Pick values for a given variable
head(get_variable(pseq, sample_variables(pseq)[1]))
## [1] 28 24 52 22 25 42
Assign new fields to metadata
# Calculate diversity for samples
div <- microbiome::alpha(pseq, index = "shannon")

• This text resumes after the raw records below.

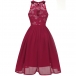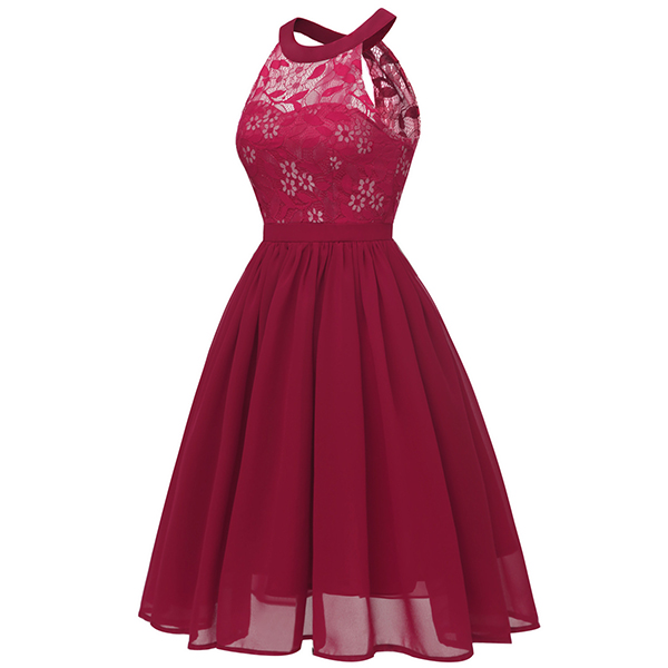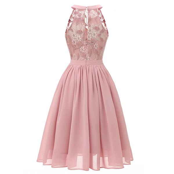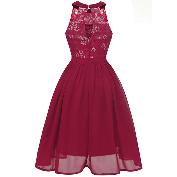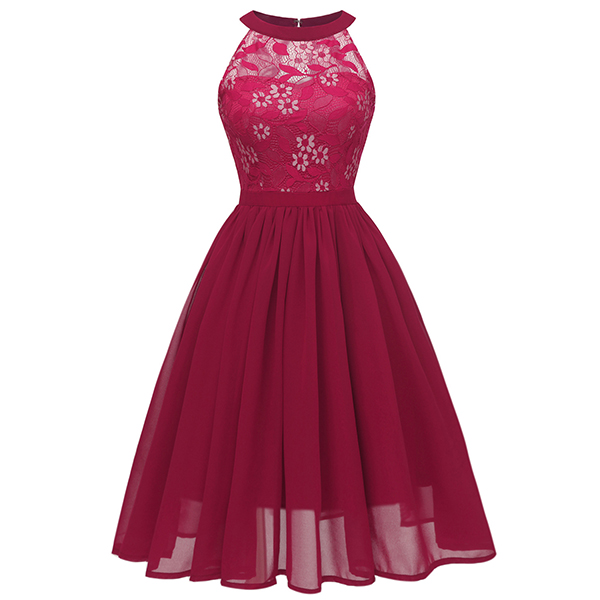 This is a beautiful and elegant mini dress that is perfect for any special occasion. The dress is made from a high quality and comfortable material, and it features a sleeveless design, a lace spliced bodice, and a pleated skirt. This dress is sure to make you look and feel your best.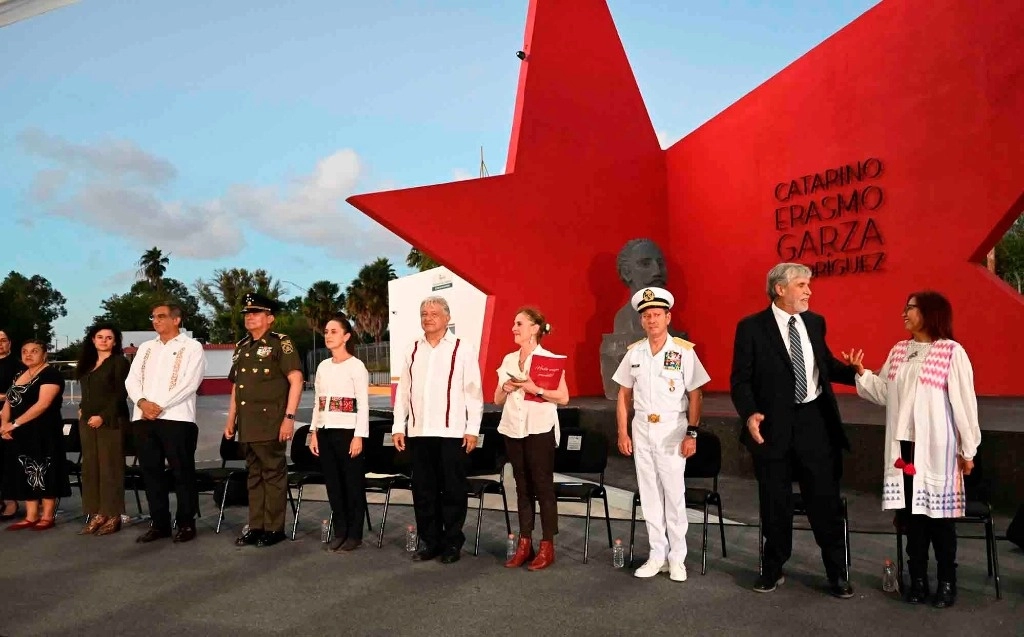 El 23 de septiembre de 2024, AMLO depositó los restos (cinco centímetros de hueso, por lo que no se puede llamar restos óseos ni osamenta) del revolucionario antiporfirista, Erasmo Catarino Garza Rodríguez, en un nicho, junto al busto y monumento que el escultor Pedro Reyes realizó en su memoria, junto al puente Puerta México, en Matamoros, Tamaulipas, de donde era originario.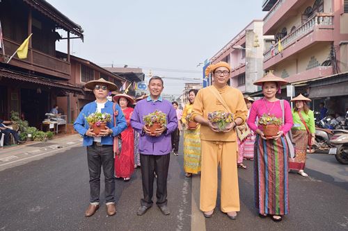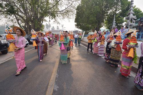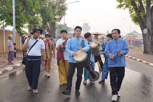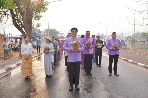 เริ่มด้วยผู้อาวุโสแต่งชุดขาว อุ้มขันข้าวตอกดอกไม้ซึ่งถือว่าเป็นผู้มีศีลธรรม เป็นผู้บริสุทธิ์เดินนำหน้าขบวน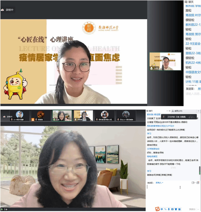 为进一步提升疫情期间学生的心理健康水平,引导学生做好情绪管理,培养积极健康的心态,坦然面对疫情下学习和生活中的问题和困难,增强居家学习的自主性,学生工作部(处)心理健康教育服务中心于11月邀请心理健康专家,以线上形式举办了两期“心匠在线”心理讲座,累计2200余名师生观看直播,点赞量2.3万余次,400余名师生参与互动反馈。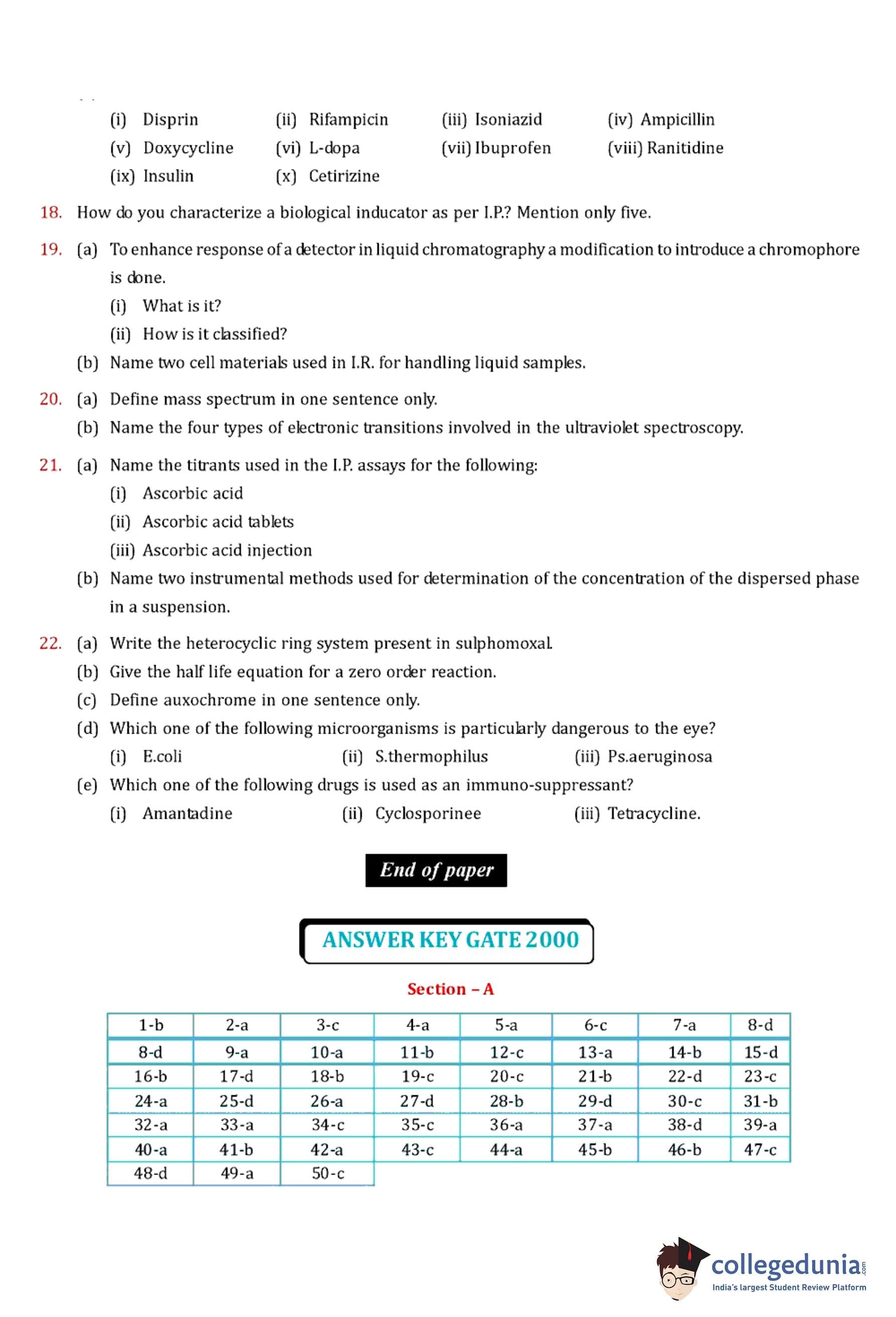 GPAT 2000 Question Paper with Answer Key PDF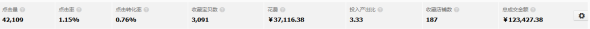 從這張簡單的數據截圖當中,我們可以看出:1個月的點擊量在2萬多,平均每天點擊量不到1K,PPC在1塊左右,相當于每天花費1K左右,ROI在1.11,點擊轉化率0.32%,收藏成本:15.4元。
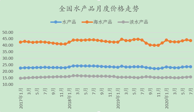7月份,海水產品價格43.75元/公斤,環比下降1.16%,同比下降0.96%。

# Assign the estimated diversity to sample metadata
sample_data(pseq)$diversity <- div
Number of taxa
n <- ntaxa(pseq)
Most abundant taxa
topx <- top_taxa(pseq, n = 10)
Names
ranks <- rank_names(pseq) # Taxonomic levels
taxa <- taxa(pseq) # Taxa names at the analysed level
Subset taxa
pseq.bac <- subset_taxa(pseq, Phylum == "Bacteroidetes")
Prune (select) taxa:
# List of Genera in the Bacteroideted Phylum
taxa <- map_levels(NULL, "Phylum", "Genus", pseq)$Bacteroidetes
# With given taxon names
ex2 <- prune_taxa(taxa, pseq)
# Taxa with positive sum across samples
ex3 <- prune_taxa(taxa_sums(pseq) > 0, pseq)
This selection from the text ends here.